6. Photoelectric effect depends on two factors-
 Energy of the Radiation- Reaction is more common with low energy photons or photon of
diagnostic range (20-120 KeV)
 Atomic number of the absorbers- reaction is common with absorbers with high atomic
numbers
Application to diagnostic radiology
 Advantage
 Produces radiographic image of excellent quality
a. Photoelectric effect does not produce scatter radiation
b. It enhances natural tissue contrast-contrast depends on difference in absorption
between adjacent tissues. Some tissues absorb more x-rays then other tissues(tissues
composed of different elements such as bone, muscles and soft tissues.)
 For E.g.- The Bone has a higher Z than soft tissue. Higher “Z” means more P.E, more P.E
means more absorbed photons, so less hitting the imaging receptor. Therefore, Bone
white on an X-Ray.
 Disadvantage
Patient exposure- All the energy of incident photon is absorbed by the patient. Patients
receive more radiation from photoelectric reactions than any other type of interaction.

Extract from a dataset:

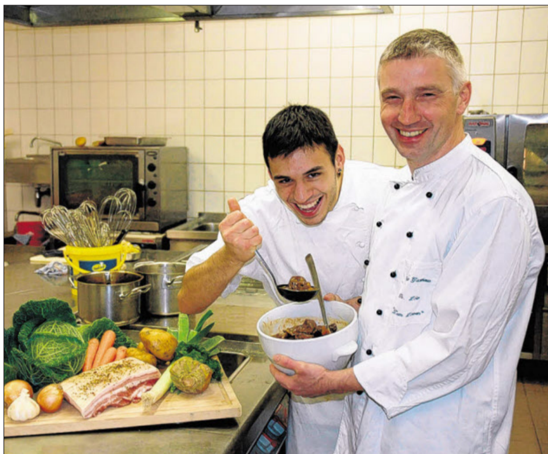
Für die aktuellen kulinarischen Aktionswochen haben sich die Köche der Odenwald-Gasthäuser wie hier im „Löwen“ im Brombachtal einiges einfallen lassen.

Das Odenwald-Gasthaus „ Müm-lingstube “ in Erbach bietet einen feurigen Hackfleisch-eintopf mit Odenwälder Rindfleisch, Mais, roten Bohnen und Kartoffeln bzw. mit Leberwurst gefüllte Balleklöß auf Rahmsauerkraut an, zu denen jeweils hausgebackenes Brot serviert wird.

7. Compton scattering (“The Bad Guy”
Definition
 The incident x-ray of higher energy interacts with an
outer shell electron and ejects it from the atom,
thereby ionizing the atom
 The ionizing electron is called a Compton electron
 The x-ray continues in a different direction with less
energy
 The energy of incident photon is distributed in two ways,
part of it goes to the recoil electron as kinetic energy, and
the rest is retained by deflected electron
 The reaction produces
• A Deflected Photon /Scattered Photon.
• A positive atom or Ionized atom.
• A negative electron or a recoil electron

8. Disadvantage
 Almost all the scatter radiation that we encounter in diagnostic radiology comes
from Compton scattering.
 At narrow angles of deflection, scattered photons retain almost all their original
energy and it reaches an x-ray film and producing fog.
 They are difficult to remove from x-ray film
 Can not be removed by filt ers because they are too energetic
 Can not be removed by grids because their angle of deflection is too small
 Compton is the major source of Occupation exposure.
 Probability of a Compton scattering does not depend of the Z of the atom-
because the energy of these outer shell electrons is low.
 Probability of Compton scatter is dependent on the density of the material-
more tightly packed atoms, means more electrons to crash into.

9. Pair production
A high energy photon interacts with the nucleus of an atom, the
photon disappears, and its energy is converted into matter in the
form of two particles as electron and positron.
Photodisintegration
In photodisintegration, part of the nucleus of an atom is ejected
by a high energy photon. The ejected portion may be a neutron,
a proton, an alpha particle, or a cluster of particles
Pair production and photodisintegration , do not occur in the
diagnostic energy range.
o Pair production does not occur with photon energies less than
1.02MeV
o Photodisintegration does not occur with energies less than 7MeV.